Or you can use DB Browser for SQLite and, extract all the tables as csv through GUI. 


https://sqlitebrowser.org/

## CellPhoneDB input files

Adapted from 

Efremova, M., Vento-Tormo, M., Teichmann, S. A., & Vento-Tormo, R. (2020). CellPhoneDB: inferring cell-cell communication from combined expression of multi-subunit ligand-receptor complexes. Nature protocols, 15(4), 1484–1506. https://doi.org/10.1038/s41596-020-0292-x

CellPhoneDB stores ligand-receptor interactions as well as other properties of the interacting
partners, including their subunit architecture and gene and protein identifiers.
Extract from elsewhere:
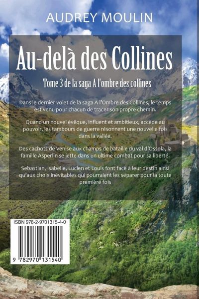 Dans le dernier volet de la saga A l'Ombre des Collines, le temps est venu pour chacun de tracer son propre chemin. Quand un nouvel évêque, influent et ambitieux, accède au pouvoir, les tambours de guerre résonnent une nouvelle fois dans la vallée. Des cachots de Venise aux champs de bataille du val d'Ossola, la famille Asperlin se jette dans un ultime combat pour sa liberté. Sebastian, Isabelle, Lucien et Louis font face à leur destin ainsi qu'aux choix inévitables qui pourraient les séparer pour la toute première fois.

In order to create
the content of the database, four main .csv data files are required: “gene_input.csv”,
“protein_input.csv”, “ complex_input.csv” and “interaction_input.csv”

As we do not have complex (heteromeric) interactions in our database, we do not need this input. 

**gene_input:**

Mandatory fields: `gene_name`, `uniprot`, `hgnc_symbol` and `ensembl`

This file is crucial for establishing the link between the scRNA-seq data and the interaction pairs stored at the protein level. It includes the following gene and protein identifiers: i) gene
name (“gene_name”); ii) UniProt identifier (“uniprot”); iiii) HUGO nomenclature committee
symbol (HGNC) (“hgnc_symbol”) and iv) gene ensembl identifier (ENSG) (“ensembl”).

**protein_input:**

Mandatory fields: “uniprot”; “protein_name”
Optional fields: “transmembrane”; “peripheral”; “secreted”; “secreted_desc”; “secreted_highlight”; “receptor”; “receptor_desc” ; “integrin”; “pfam”; “other”; “other_desc”; “tags”; “tags_ description”; “tags_reason”; “pfam”.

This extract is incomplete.